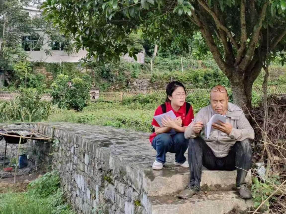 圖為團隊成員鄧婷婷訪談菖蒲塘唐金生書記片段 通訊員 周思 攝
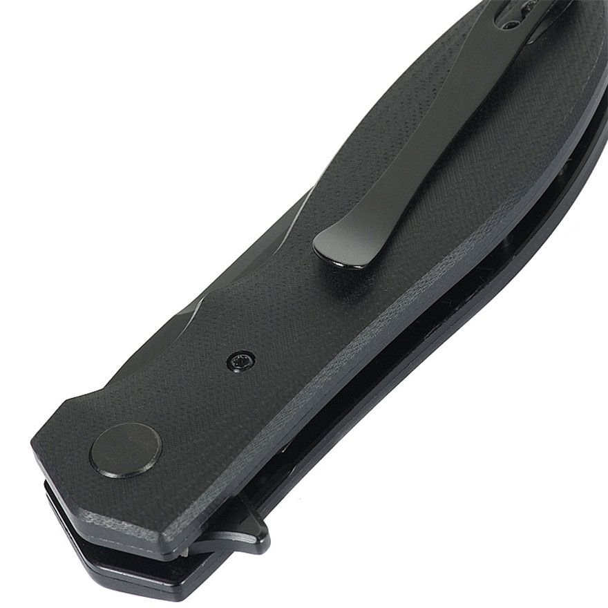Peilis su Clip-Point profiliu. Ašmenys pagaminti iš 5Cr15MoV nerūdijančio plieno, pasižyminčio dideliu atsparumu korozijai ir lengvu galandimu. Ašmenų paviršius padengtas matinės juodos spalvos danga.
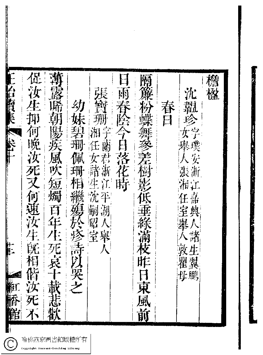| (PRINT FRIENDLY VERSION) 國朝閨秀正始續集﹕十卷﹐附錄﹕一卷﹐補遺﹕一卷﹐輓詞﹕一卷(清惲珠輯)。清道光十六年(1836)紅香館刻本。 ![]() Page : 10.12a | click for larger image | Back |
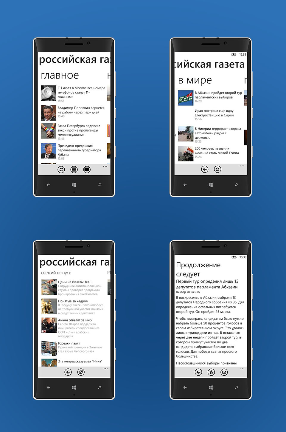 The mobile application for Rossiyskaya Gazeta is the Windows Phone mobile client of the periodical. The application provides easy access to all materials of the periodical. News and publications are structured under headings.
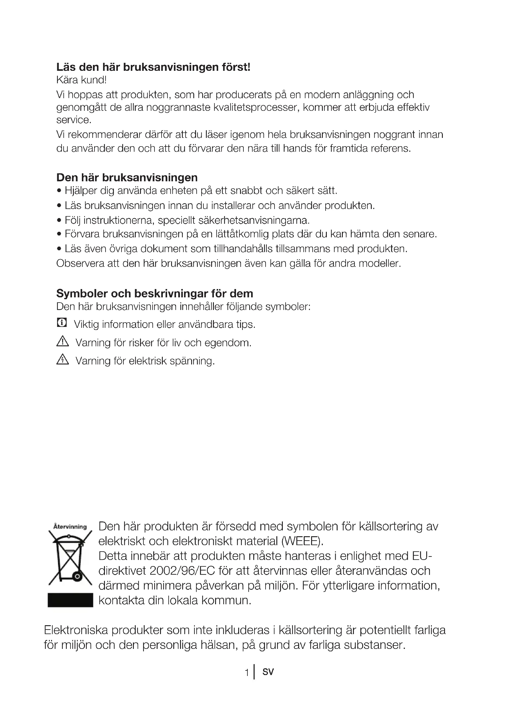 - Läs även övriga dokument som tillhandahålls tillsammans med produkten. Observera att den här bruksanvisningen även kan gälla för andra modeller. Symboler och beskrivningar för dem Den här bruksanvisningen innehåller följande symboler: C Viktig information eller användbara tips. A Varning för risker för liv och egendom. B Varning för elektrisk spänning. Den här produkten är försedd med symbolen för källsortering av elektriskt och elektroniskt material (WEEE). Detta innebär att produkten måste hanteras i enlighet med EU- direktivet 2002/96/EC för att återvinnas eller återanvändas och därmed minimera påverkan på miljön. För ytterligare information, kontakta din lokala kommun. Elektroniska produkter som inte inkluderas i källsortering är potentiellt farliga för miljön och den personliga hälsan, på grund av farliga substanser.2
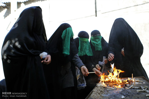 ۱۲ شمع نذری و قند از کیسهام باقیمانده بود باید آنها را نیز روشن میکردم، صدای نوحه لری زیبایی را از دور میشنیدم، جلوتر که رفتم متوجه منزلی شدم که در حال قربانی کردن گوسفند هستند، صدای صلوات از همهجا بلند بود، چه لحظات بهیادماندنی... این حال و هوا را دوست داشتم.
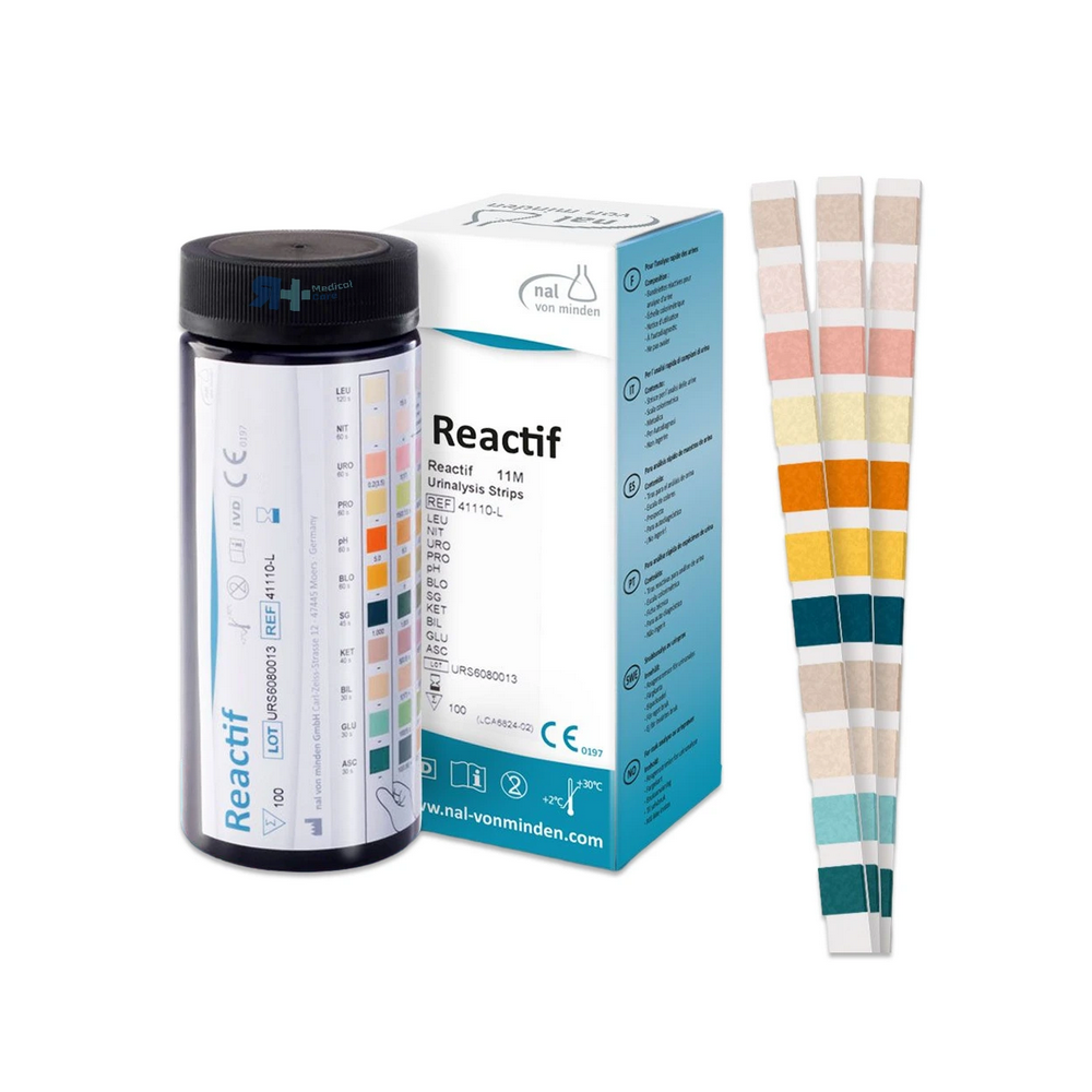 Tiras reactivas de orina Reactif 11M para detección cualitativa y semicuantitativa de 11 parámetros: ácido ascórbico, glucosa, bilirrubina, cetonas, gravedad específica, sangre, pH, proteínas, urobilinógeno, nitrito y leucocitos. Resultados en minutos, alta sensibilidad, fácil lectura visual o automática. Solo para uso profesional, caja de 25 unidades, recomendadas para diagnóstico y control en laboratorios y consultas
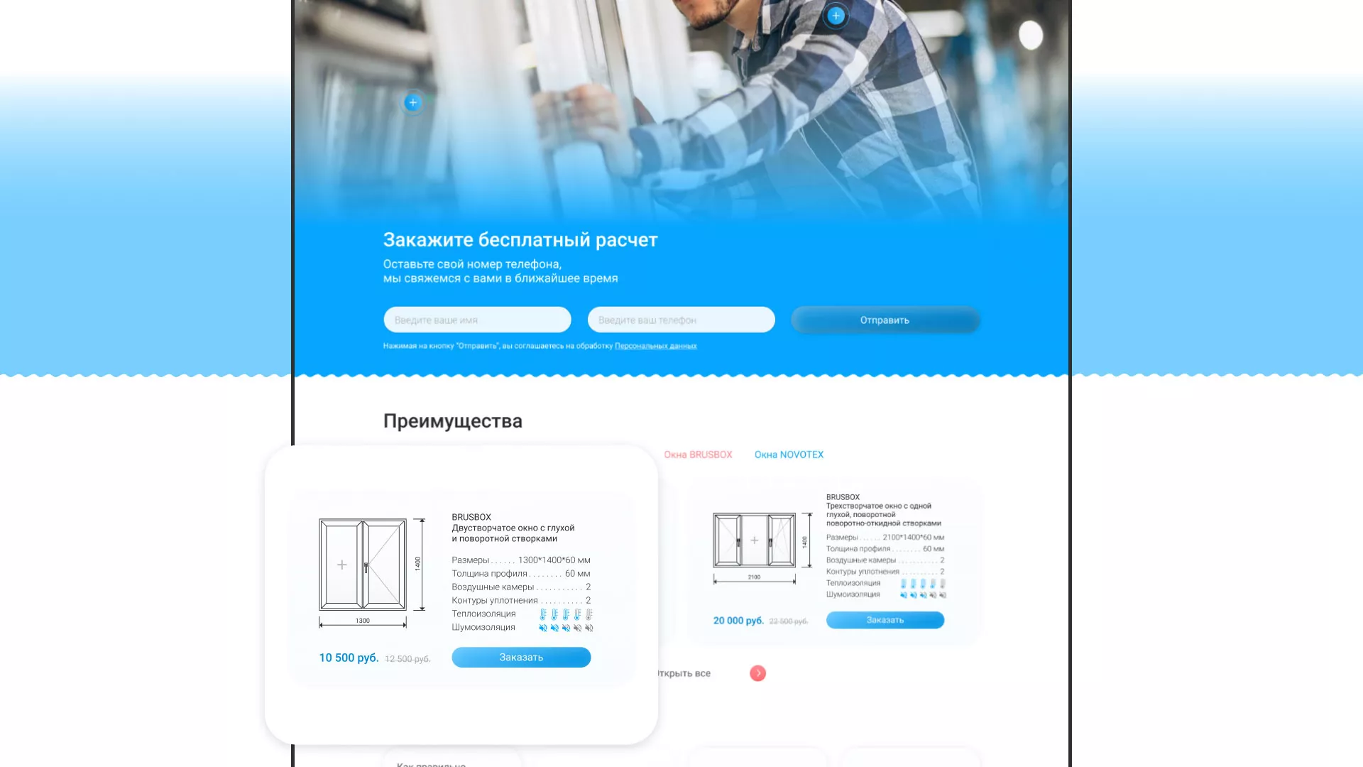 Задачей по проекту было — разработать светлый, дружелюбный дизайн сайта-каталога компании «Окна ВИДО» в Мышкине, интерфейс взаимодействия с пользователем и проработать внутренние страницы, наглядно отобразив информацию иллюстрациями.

_ _ _

*Work order*.
From the line containing "Tiras reactivas de" down to the end of the data above, reproduce each line exactly; no pictures.

*Answer space*.
 Tiras reactivas de orina Reactif 11M para detección cualitativa y semicuantitativa de 11 parámetros: ácido ascórbico, glucosa, bilirrubina, cetonas, gravedad específica, sangre, pH, proteínas, urobilinógeno, nitrito y leucocitos. Resultados en minutos, alta sensibilidad, fácil lectura visual o automática. Solo para uso profesional, caja de 25 unidades, recomendadas para diagnóstico y control en laboratorios y consultas
 Задачей по проекту было — разработать светлый, дружелюбный дизайн сайта-каталога компании «Окна ВИДО» в Мышкине, интерфейс взаимодействия с пользователем и проработать внутренние страницы, наглядно отобразив информацию иллюстрациями.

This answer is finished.